Action item => Pictures in the data should be dropped; transcribe exactly the lines from the one that has "Estimation: 500/600 –" through the one that has "2 x BASIN MIXER".

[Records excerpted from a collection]

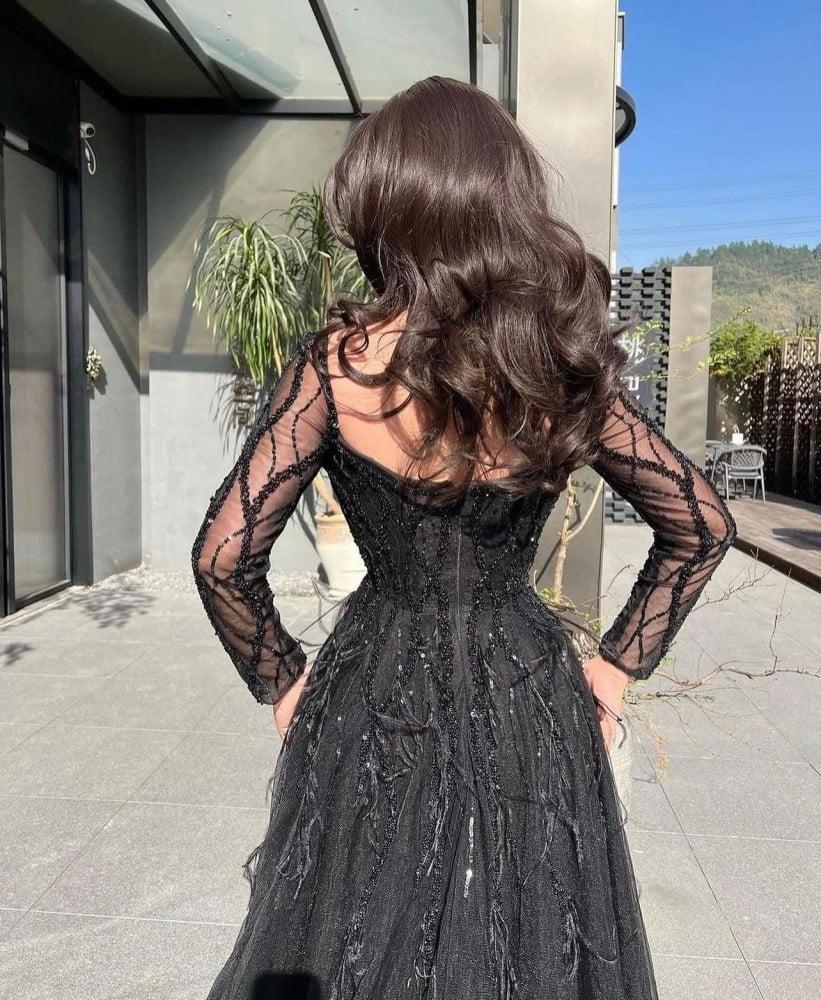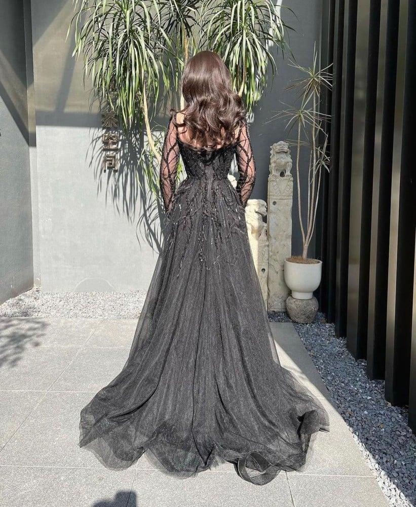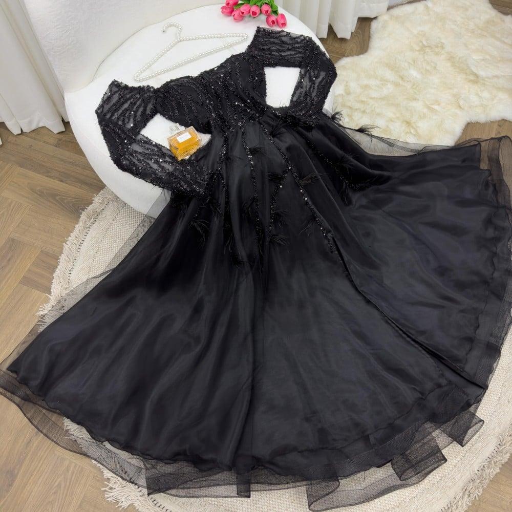 فستان اسود شك بأكمام فخم
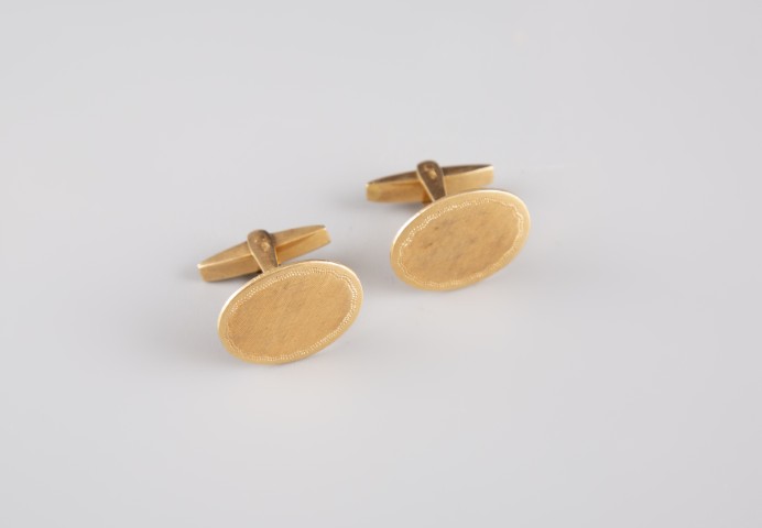 Estimation: 500/600 – Boutons de manchette en or jaune 18K 750°/°°, poinçon 750 et hibou, plateau de forme ovale à décor guilloché
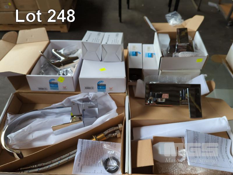 2 x BASIN MIXER TAPS, CHROME FINISH, 1 x HIGH RISE MIXER TAP, WATER MARK, CHROME FINISH, 2 x SHOWER HEADS WITH MIXER TAPS & 1 x INTERNAL WALL MOUNT MIXER TAP & SPOUT, CHROME
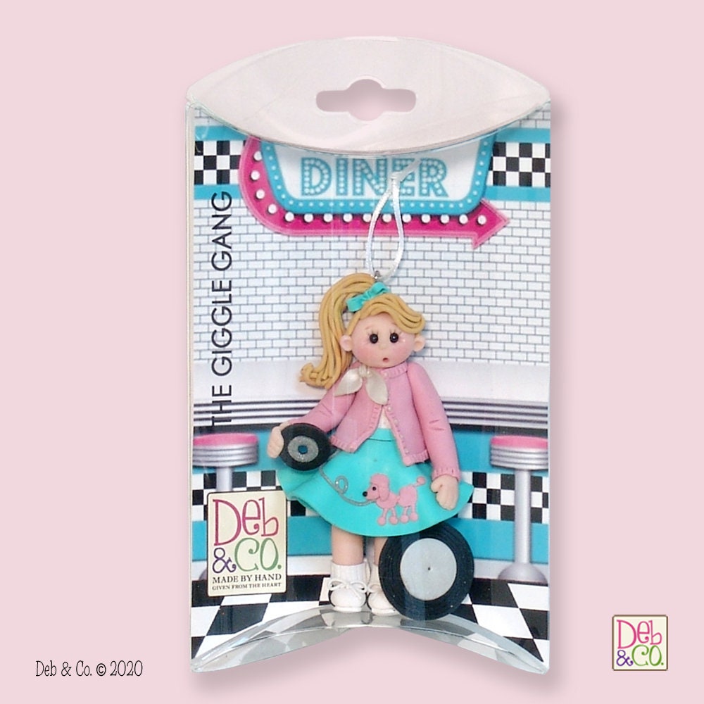 This adorable little Giggle Gang 50's Girl personalized ornament is ready for the "Sock Hop" Designed and handmade by me. Very detailed right down to the little poodle on the skirt. Comes complete with a hook and satin ribbon for hanging. It is packaged in a cute little custom pillow box.
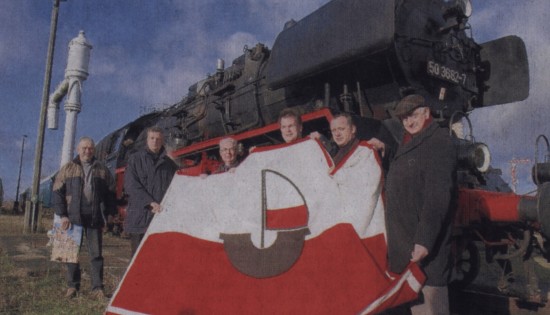 Manfred Preuß, Burkhard Bohn, Siegfried Schneider, Dennis Alexander Berg, Ulrich Damke und Michael Sommer (von links) mit der Hansefahne, die die Dampflokfreunde als Belobigung überreicht bekamen. |
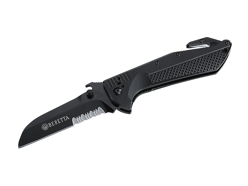 Art.-Nr. 263912Beretta Rettungsmesser, Stahl 440, PTFE-Beschichtung, Liner Lock, Gurtschneider, Schlagdorn, Edelstahlclip
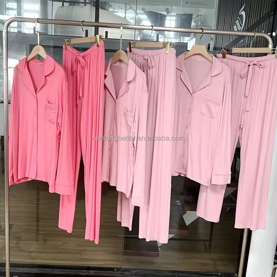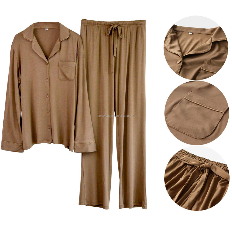 High Quality Soft Breathable Women's Modal Bamboo Long Pajamas With Drawstring Viscose Rayon Womens Sleepwear PJ Sets for Women

Response to the task =>
 Estimation: 500/600 – Boutons de manchette en or jaune 18K 750°/°°, poinçon 750 et hibou, plateau de forme ovale à décor guilloché
 2 x BASIN MIXER TAPS, CHROME FINISH, 1 x HIGH RISE MIXER TAP, WATER MARK, CHROME FINISH, 2 x SHOWER HEADS WITH MIXER TAPS & 1 x INTERNAL WALL MOUNT MIXER TAP & SPOUT, CHROME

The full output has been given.